Abstract
The ULK (UNC51-like) enzymes are a family of mammalian kinases that have critical roles in autophagy and development. While ULK1, ULK2, and ULK3 have been characterized, very little is known about ULK4. However, recently, deletions in ULK4 have been genetically linked to increased susceptibility to developing schizophrenia, a devastating neuropsychiatric disease with high heritability but few genes identified. Interestingly, ULK4 is a pseudokinase with some unusual mutations in the kinase catalytic motifs. Here, we report the first structure of the human ULK4 kinase at high resolution and show that although ULK4 has no apparent phosphotransfer activity, it can strongly bind ATP. We find an unusual mechanism for binding ATP in a Mg2+-independent manner including a rare hydrophobic bridge in the active site. In addition, we develop two assays for ATP binding to ULK4, perform a virtual and experimental screen to identify small molecule binders of ULK4 and identify several novel scaffolds that bind ULK4 and can lead the way to more selective small molecules that may help shed light on the function of this enigmatic protein.
Graphical Abstract
The ULK family of kinases comprises 5 genes in mammals: ULK1 through ULK4 and STK36. These enzymes share a conserved N-terminal kinase domain that is homologous to the C. elegans UNC-51 and the yeast Atg1, the original kinase identified in the autophagy pathway1. All the enzymes are thought to be important for development, in particular neurological development. Indeed, the unc-51 (uncoordinated movement) gene was originally identified as causing paralysis and other defects, consistent with axonal formation deficiencies2, before it was known as the autophagy kinase (atg1) orthologue. In mammals, ULK1 and ULK2, seemingly redundant3–4, have been shown to be required for autophagy, but also have important roles in development, as their double knockout causes neurological defects5, axonal pathfinding defects, in a likely autophagy-independent manner6. However, the role of ULK4 has been elusive. ULK4 is a large neuron-specific 142 kDa polypeptide consisting of an N-terminal pseudokinase domain and 5 predicted C-terminal HEAT repeats, which are a series of repeats found in other large proteins, including mTOR, thought to be involved in scaffolding and interacting with one or more partner proteins7–8. However, it is unknown what interacts with the HEAT repeats of ULK4. Recently, it was reported that ULK4 is genetically linked to schizophrenia,9 a highly genetic debilitating disease with few genetic causes identified. ULK4 was discovered as a rare risk factor for schizophrenia, as well as autism and depression. It was shown that knockdown of ULK4 leads to errors in cortical development in mice, consistent with the ideas that the ULK kinases are important for neurological development.10 However, the mechanism by which ULK4 can affect brain development, as a pseudokinase with no known catalytic activity or interaction partners is unclear.
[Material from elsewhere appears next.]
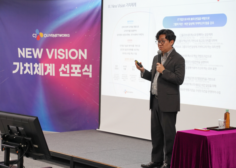 ▲ CJ올리브네트웍스가 ‘디지털 기술과 데이터를 기반으로 공간과 일상의 변화를 선도하는 라이프스타일 혁신 기업’이라는 뉴 비전(New Vision)을 선포하며 새로운 도약에 나선다. CJ올리브네트웍스는 지난 10일 용산 트윈시티 본사에서 전 임직원 대상으로 CEO 타운홀 미팅을 겸한 온·오프라인 비전 선포식을 개최했다. (사진=CJ그룹 제공) |

Pseudokinases are members of the protein kinase family that have divergent amino acids from the conserved catalytic core of conventional kinases and were therefore predicted to be catalytically inactive11. Nevertheless, some pseudokinases do in fact have phosphotransfer activity using different amino acids to perform the catalytic functions. Many at least have the ability to bind ATP. It is thought for this latter class of pseudokinases that they might act as sensors for ATP and undergo conformational changes upon ATP binding that allows them to respond to ATP binding without phosphotransfer and act as scaffolds for signaling pathways12–14. For example, if they interact with another kinase they could activate the active kinase, as many pseudokinases have active kinase partners. Having selective inhibitors of ATP binding of a pseudokinase could therefore paradoxically activate the protein by stabilizing it in the active form. Alternatively, compounds that stabilize the inactive confirmation of the pseudokinase (a type II kinase inhibitor) can inhibit downstream signaling.15–17 One previous report has found compounds that can either stabilize or destabilize a pseudokinase.18 ULK4 selective compounds could then be useful in understanding the functional role of the ULK4 pseudokinase, since no downstream activity has yet been discovered. ULK4 binders could even help correct defects from heterozygous mutants by increasing activity.
Here, we purify the kinase domain of ULK4 and solve the structure at high resolution. We discovered that ULK4 binds ATP with high affinity in the absence of magnesium, higher than known pseudokinases, and develop a high throughput assay and virtual screen to discover novel inhibitors of nucleotide binding, which could be the starting point for selective inhibitors of this pseudokinase.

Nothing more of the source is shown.